With markets fresh from a Chinese-led rout, what can three writers of books about market crashes and recessions tell us about the last major crisis. Have we learnt anything since?
November 6, 2015 (with Alex Newman and Stephen Wilmot)

You want to understand a recession in the time it takes to read a 300-page book, or a 300-word review? Journalists, economists and traders have all taken on that challenge over the years, aiming to condense the most devastating market shocks into pithy summaries you can absorb from a sun lounger. But why are the best ones so good? What can you learn about avoiding market crashes without taking a degree in economics and can any of them help you understand the storm clouds brewing over today's global economy?
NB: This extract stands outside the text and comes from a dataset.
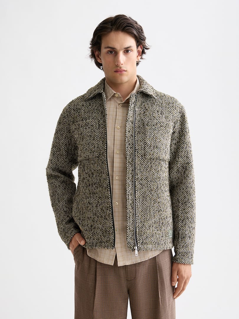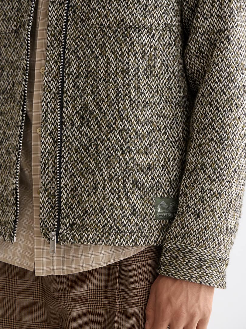 A textured wool-blend overshirt in multicoloured tweed for an elevated layer.
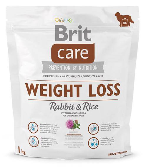 Brit Care Weight Loss Rabbit & Rice для собак с избыточным весом - полнорационный гипоаллергенный корм с кроликом и рисом для собак с избыточным весом.

Sometimes it feels as though major market events come out of nowhere, bursting on to your TV screen (or the front page of the Financial Times) all at once. But recessions are made up of thousands of tiny triggers, which might take place in boardrooms, oilfields or at rampant parties.

In Gillian Tett's account, the key to the 2008 recession lay, in part, with the creation of complex financial products that enabled risk to mushroom throughout the financial system. Ms Tett pinpoints the moment of fevered innovation at JPMorgan when the monster was born. In the 1990s, the tight-knit derivatives team at the American bank began working on the audacious aim of removing one of the bank's major risks - that its borrowers would not repay their loans - using derivatives. Derivatives are swap contracts in which a buyer compensates a seller if an underlying loan goes into default. They were typically used in the bond market, but the steely Blythe Masters, a rare woman in the testosterone-fuelled world of investment banking, was the first to use the instruments to take major corporate loans off bank balance sheets. "For the first time in history, banks would be able to make loans without carrying all, or perhaps even any, of the risk involved themselves," says Ms Tett.